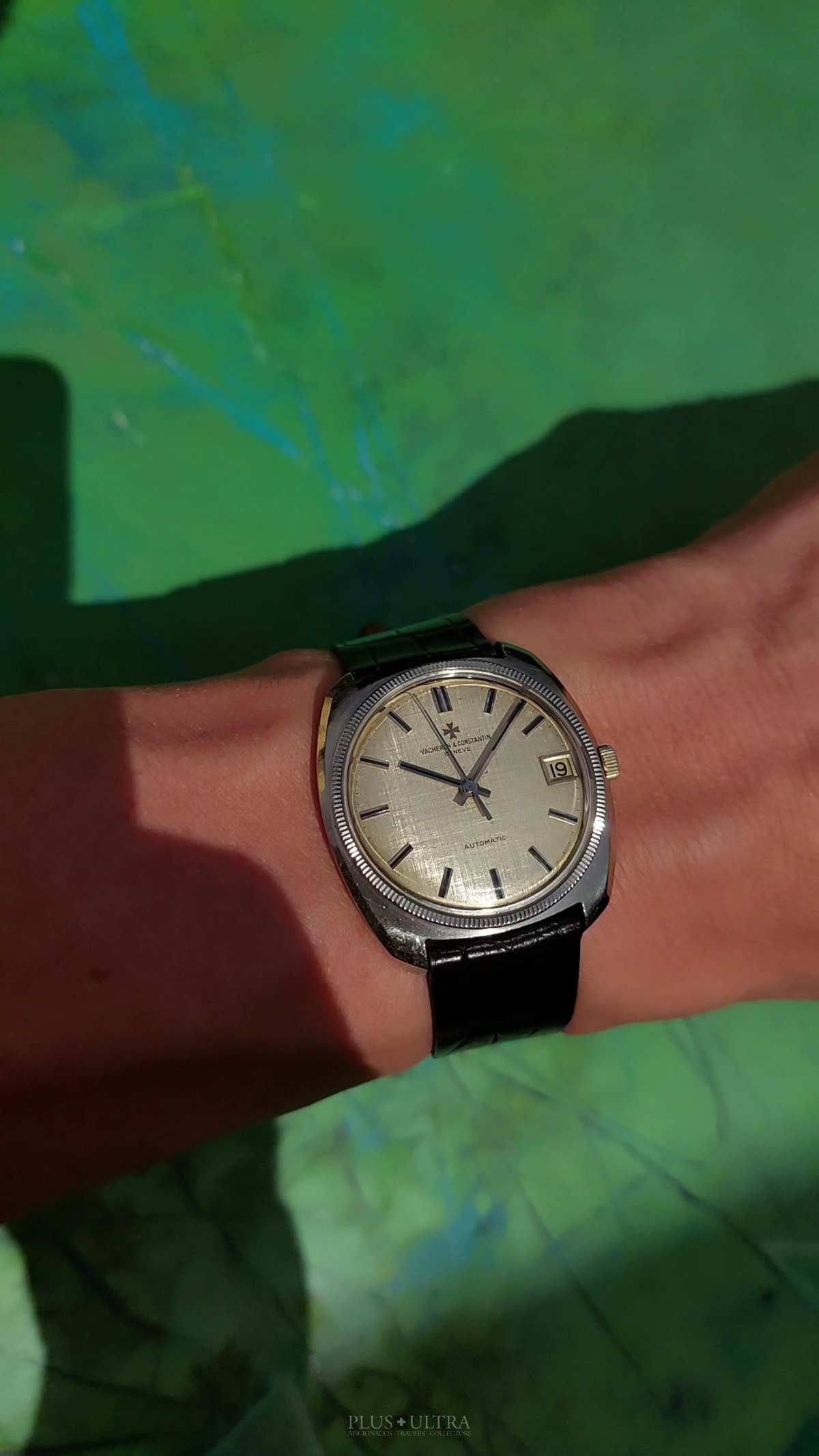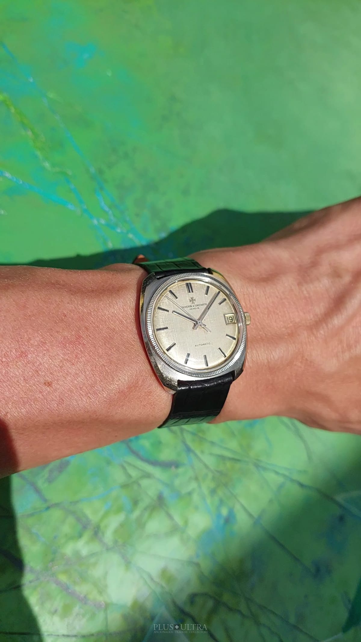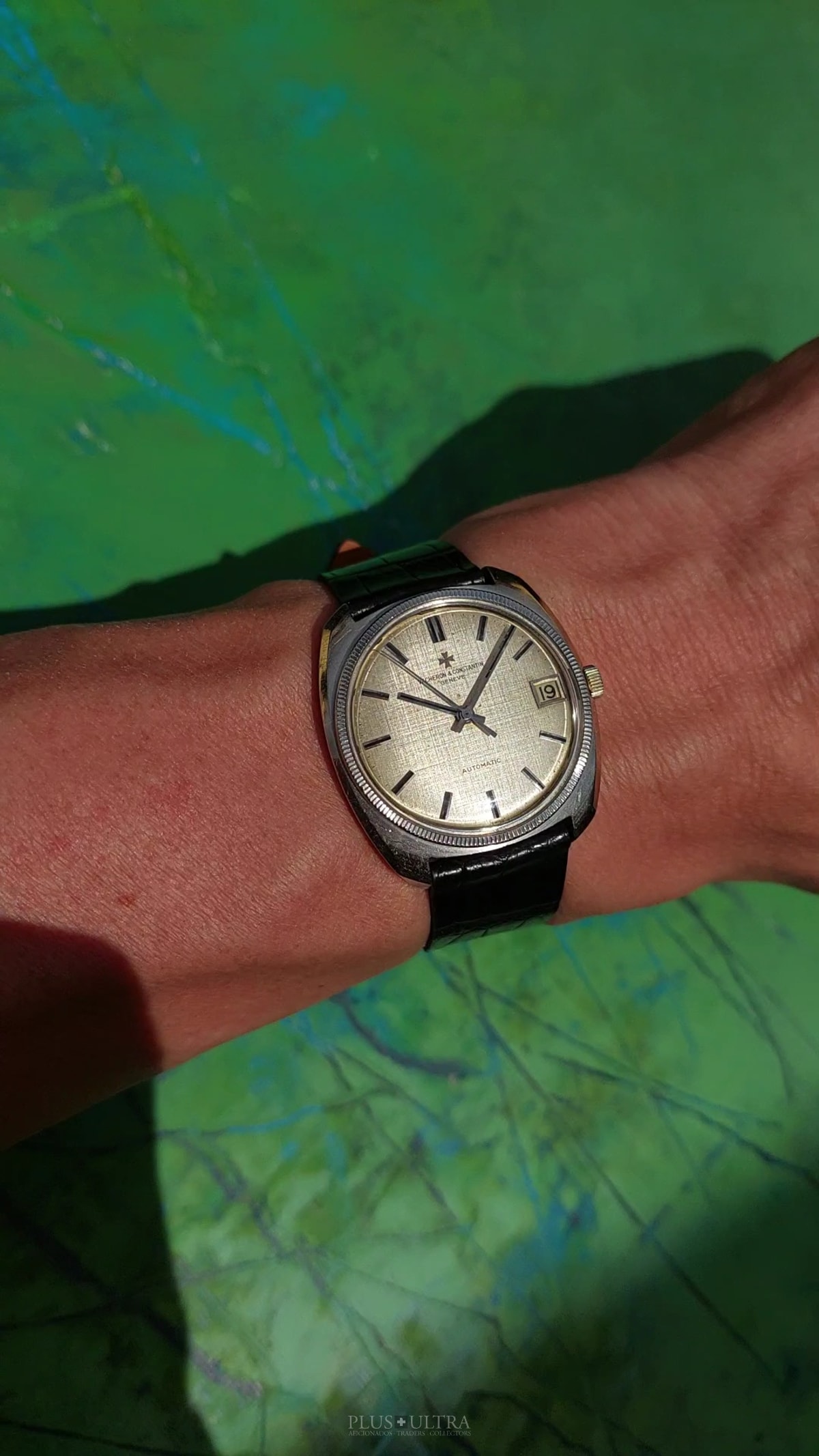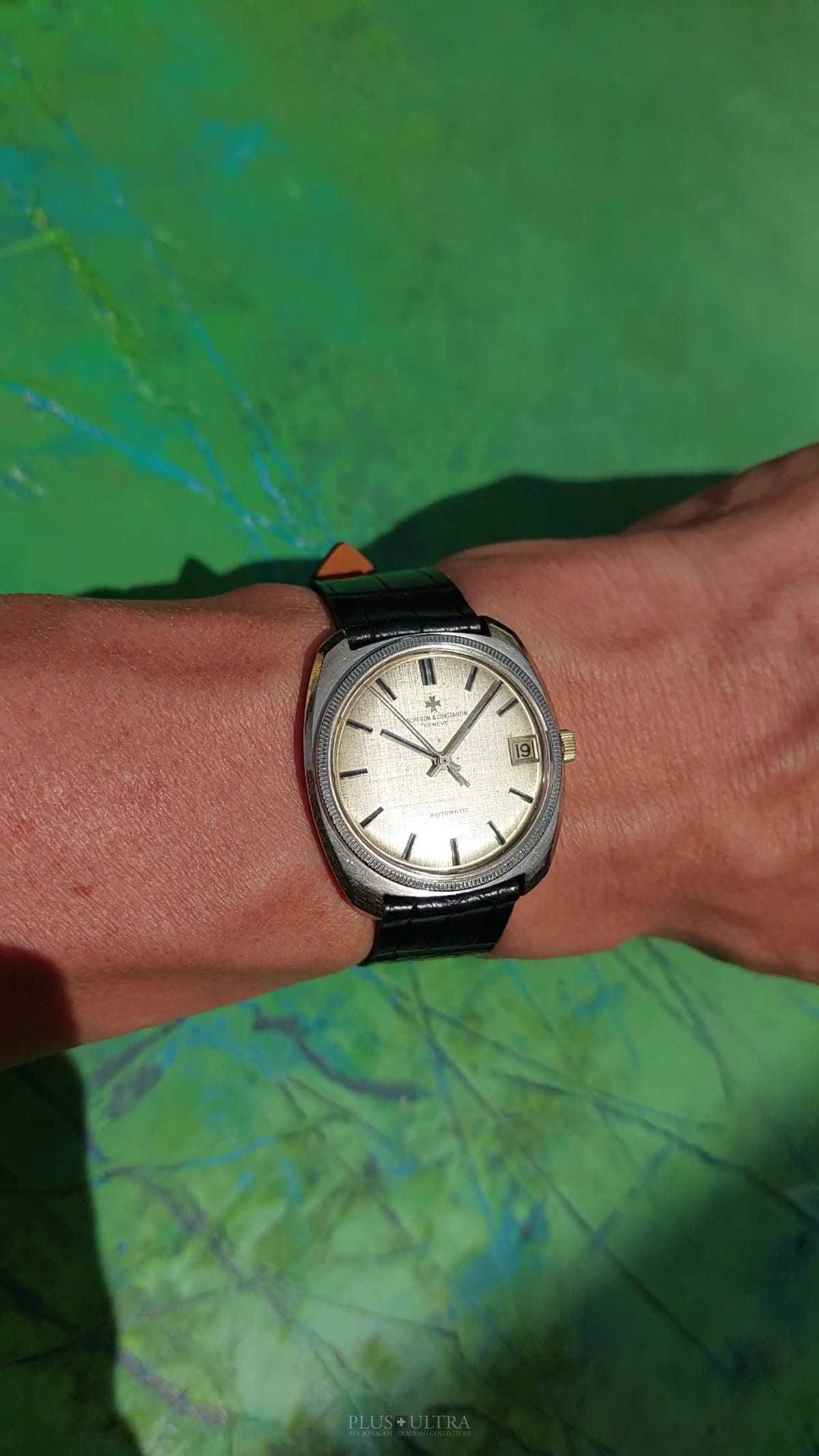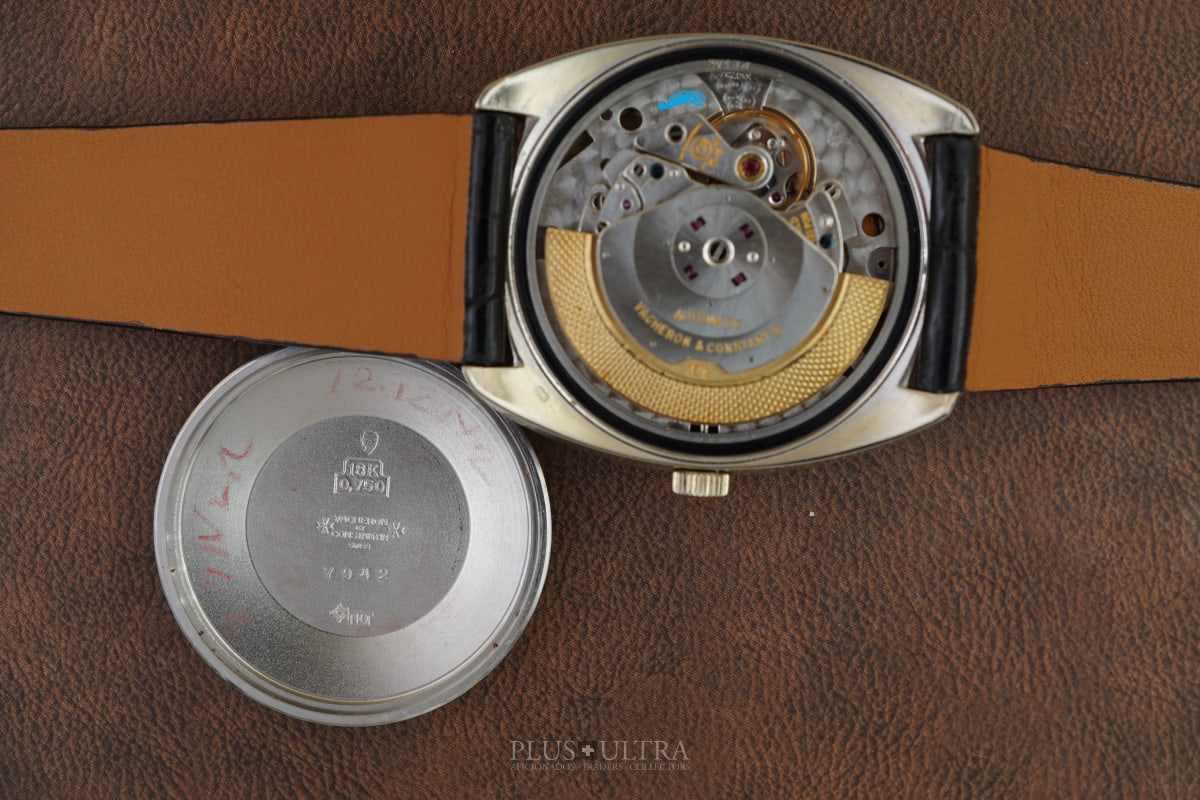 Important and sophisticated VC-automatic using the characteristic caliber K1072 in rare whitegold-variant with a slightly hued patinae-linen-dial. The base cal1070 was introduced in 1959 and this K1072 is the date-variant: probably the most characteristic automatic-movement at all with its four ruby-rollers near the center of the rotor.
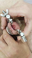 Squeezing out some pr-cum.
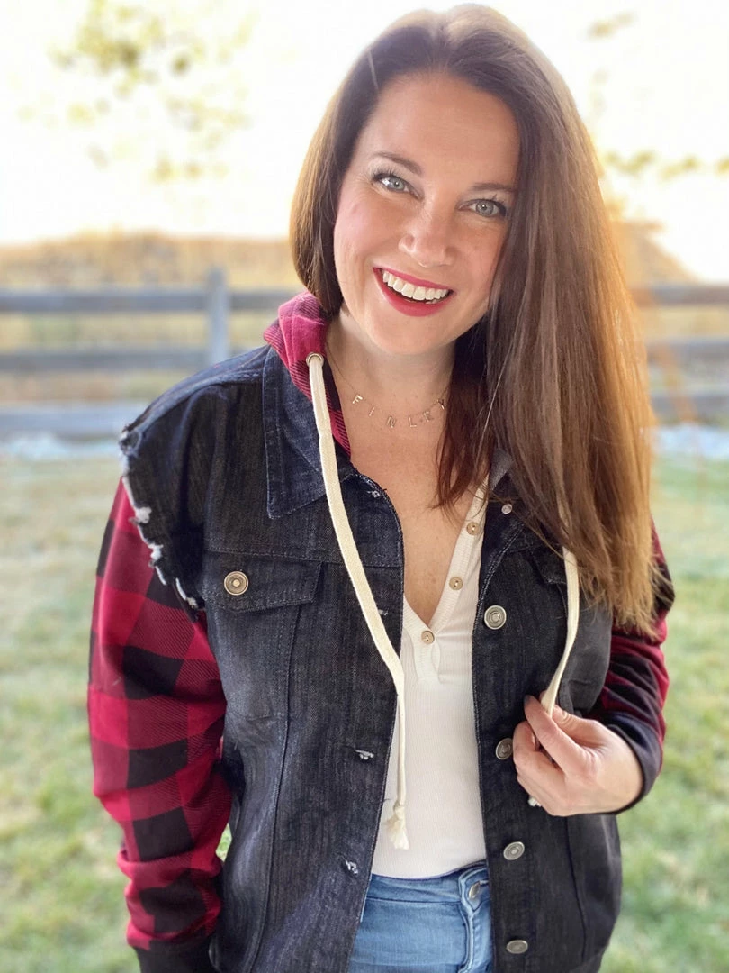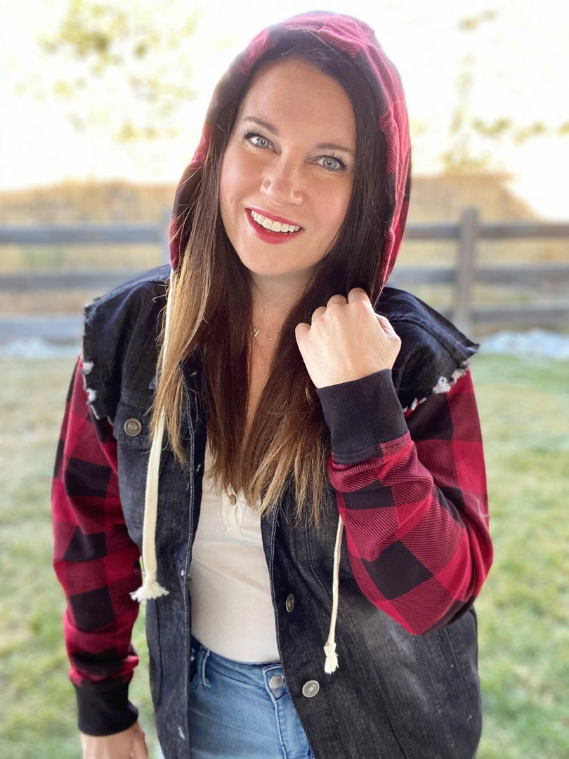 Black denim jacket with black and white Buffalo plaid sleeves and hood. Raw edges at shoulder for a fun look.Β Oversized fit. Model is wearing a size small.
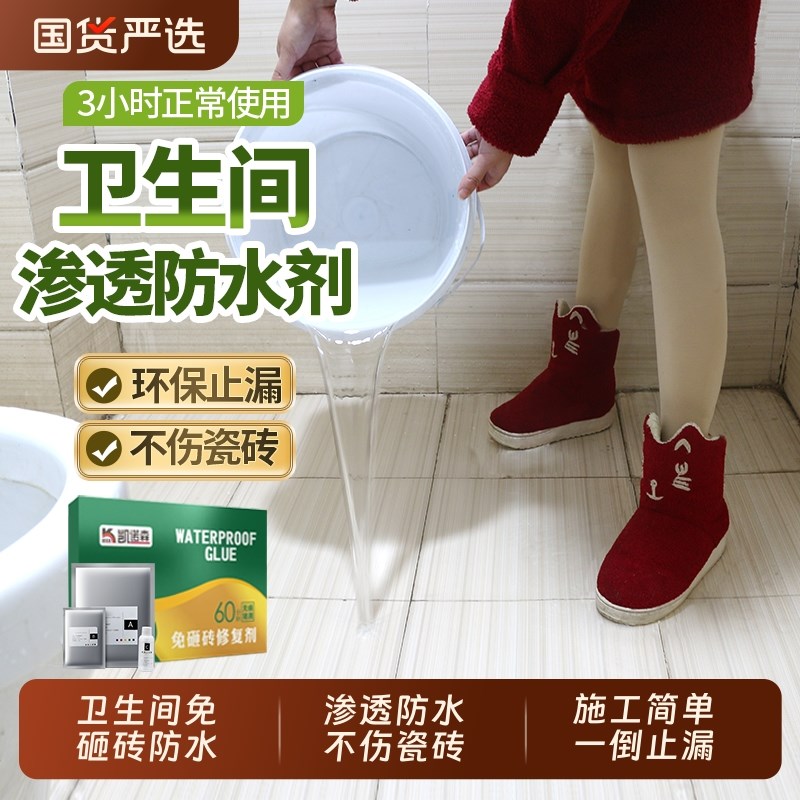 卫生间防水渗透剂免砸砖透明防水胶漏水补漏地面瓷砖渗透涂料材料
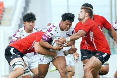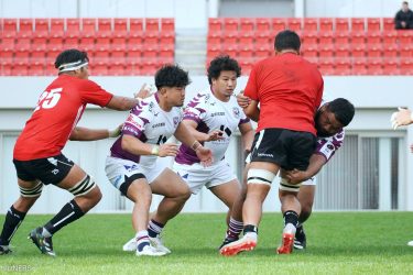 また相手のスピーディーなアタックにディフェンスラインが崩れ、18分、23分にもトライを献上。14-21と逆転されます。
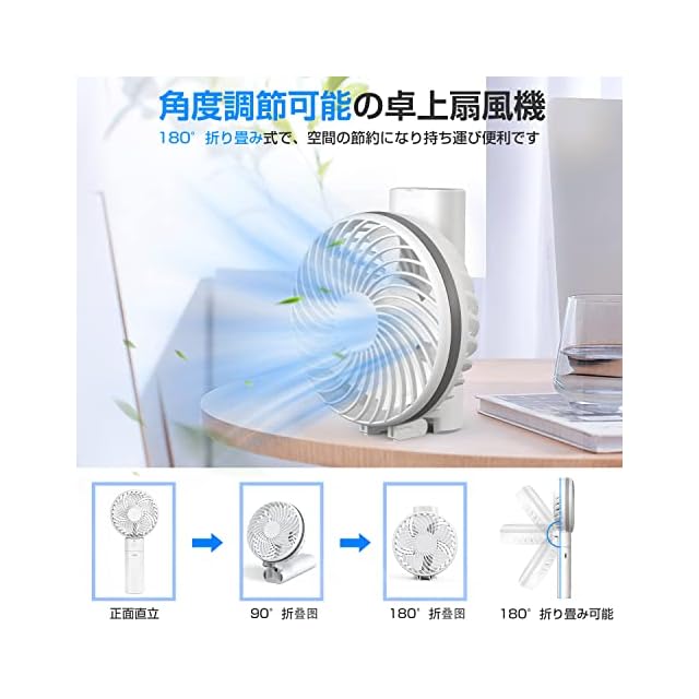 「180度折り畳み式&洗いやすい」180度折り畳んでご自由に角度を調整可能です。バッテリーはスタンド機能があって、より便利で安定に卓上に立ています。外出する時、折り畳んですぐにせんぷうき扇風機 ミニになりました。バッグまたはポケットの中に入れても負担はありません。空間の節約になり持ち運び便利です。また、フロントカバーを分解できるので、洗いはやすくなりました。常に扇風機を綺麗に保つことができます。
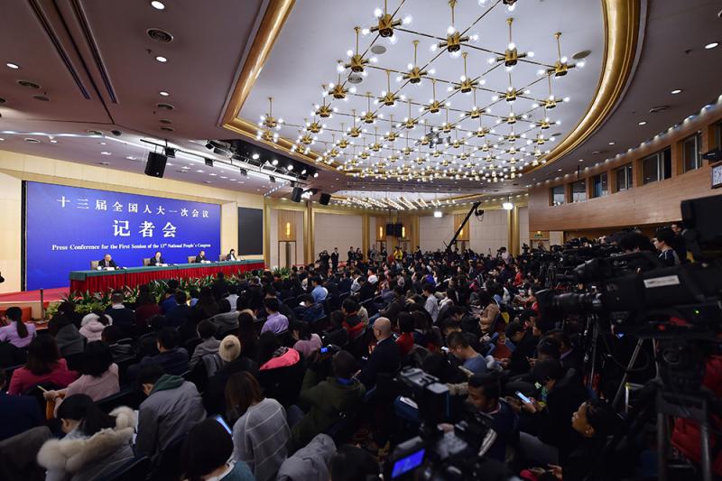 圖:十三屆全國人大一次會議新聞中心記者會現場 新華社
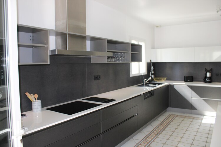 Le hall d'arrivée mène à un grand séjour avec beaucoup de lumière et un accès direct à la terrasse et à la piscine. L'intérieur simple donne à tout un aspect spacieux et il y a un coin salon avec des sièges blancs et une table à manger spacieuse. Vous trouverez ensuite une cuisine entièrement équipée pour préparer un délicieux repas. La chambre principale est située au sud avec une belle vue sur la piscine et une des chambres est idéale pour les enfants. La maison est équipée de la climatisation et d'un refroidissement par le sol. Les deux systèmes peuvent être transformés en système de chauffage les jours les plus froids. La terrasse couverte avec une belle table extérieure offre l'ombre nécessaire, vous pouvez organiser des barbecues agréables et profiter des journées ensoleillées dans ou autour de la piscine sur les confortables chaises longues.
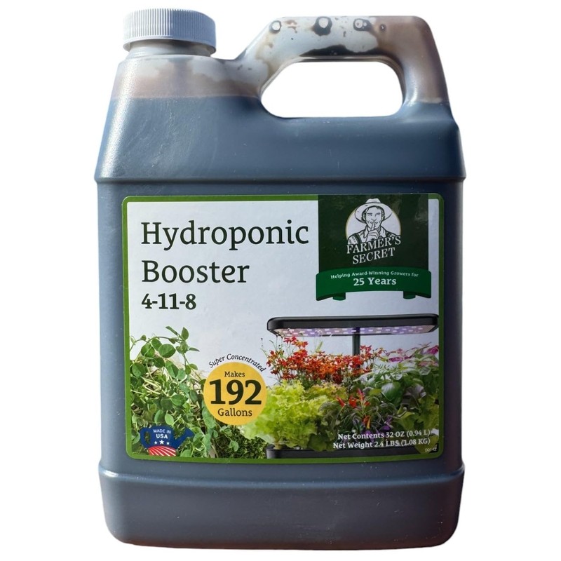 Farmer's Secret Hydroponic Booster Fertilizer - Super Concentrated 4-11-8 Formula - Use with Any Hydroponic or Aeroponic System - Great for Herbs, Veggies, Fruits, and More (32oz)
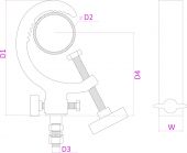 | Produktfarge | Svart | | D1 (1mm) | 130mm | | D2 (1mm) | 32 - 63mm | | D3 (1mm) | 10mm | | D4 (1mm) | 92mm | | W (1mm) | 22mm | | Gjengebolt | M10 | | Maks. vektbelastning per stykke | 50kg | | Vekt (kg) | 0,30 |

===============

§ Assignment
Return only the part above that opens with the line containing "Squeezing out some pr-cum." and closes with the line containing "圖:十三屆全國人大一次會議新聞中心記者會現場 新華社", exactly and with both ends, skipping the pictures.

§ Finished task
 Squeezing out some pr-cum.
 Black denim jacket with black and white Buffalo plaid sleeves and hood. Raw edges at shoulder for a fun look.Β Oversized fit. Model is wearing a size small.
 卫生间防水渗透剂免砸砖透明防水胶漏水补漏地面瓷砖渗透涂料材料
 また相手のスピーディーなアタックにディフェンスラインが崩れ、18分、23分にもトライを献上。14-21と逆転されます。
 「180度折り畳み式&洗いやすい」180度折り畳んでご自由に角度を調整可能です。バッテリーはスタンド機能があって、より便利で安定に卓上に立ています。外出する時、折り畳んですぐにせんぷうき扇風機 ミニになりました。バッグまたはポケットの中に入れても負担はありません。空間の節約になり持ち運び便利です。また、フロントカバーを分解できるので、洗いはやすくなりました。常に扇風機を綺麗に保つことができます。
 圖:十三屆全國人大一次會議新聞中心記者會現場 新華社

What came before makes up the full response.